Hypothesis and Hypothesis Testing

Suppose a gambler flips a coin and counts 20 heads out of 30 tosses. Unsure whether this is a fair coin with an equal probability of heads or tails or a coin with a bias toward heads, the gambler may reason something like this: If the coin was fair, I would expect 15 heads and 15 tails, but I wouldn't always get this result. Sometimes I might get 16 heads and 14 tails or 13 heads and 17 tails or 20 heads and 10 tails, and so forth. It is even possible that I could get 30 heads and no tails with a fair coin if I was extremely lucky. While I can never be certain, I can make some reasoned statistical arguments about the likelihood of any of the possible combinations of heads and tails. Since I am a gambler, I will gamble in a rational manner. If a given number of heads, say 20 or more, is unlikely enough given my model of random tosses, I will decide the coin is not fair. Otherwise, I will decide that the coin could be fair.
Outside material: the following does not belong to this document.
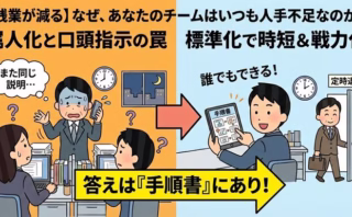 お仕事関連(進め方等) 【残業が減る】なぜ、あなたのチームはいつも人手不足なのか?答えは「手順書」にあった 「教えるのが面倒…」と感じていませんか?その場しのぎの口頭指示が、実は残業の原因です。仕事がデキる人は知っている、8割の完成度で始める「育てる手順書」の作り方を解説。属人化を防ぎ、チーム全体の時間を生み出す方法とは!新人教育を続けたわっしゃんがわかりやすくゆる~く解説して行きたいと思います。 2023.01.09 お仕事関連(進め方等)

These competing hypotheses about the random or nonrandom nature of obtained statistical results form the basis for hypothesis testing. The purpose of hypothesis testing is to make rational decisions about the reality of effects. The basic question is that after collecting[Page 446] data and describing it using statistical methods, one doesn't know whether the obtained results indicate a real relationship or a chance happening. For example, half the time, by chance, treatment Group A will have a higher mean than control Group B even though the treatment had absolutely no effect. The statistician doesn't want to waste time interpreting results that could have been due to chance (a random generating process). In a like manner, journals want to avoid publishing papers whose results are not real, as science makes little progress when it attempts to give meaning to haphazard or coincidental events. In another sense, policymakers do not want to invest in innovations that do not work, simply because a researcher was unable to distinguish between real and random results. Because chance can never be eliminated as an explanation of a phenomenon, statisticians have developed hypothesis testing procedures to assist in making decisions about the reality of effects. Knowing they can never be right 100% of the time, statisticians have developed procedures to measure the likelihood of many statistical results relative to a chance model and make rational decisions based on that measure.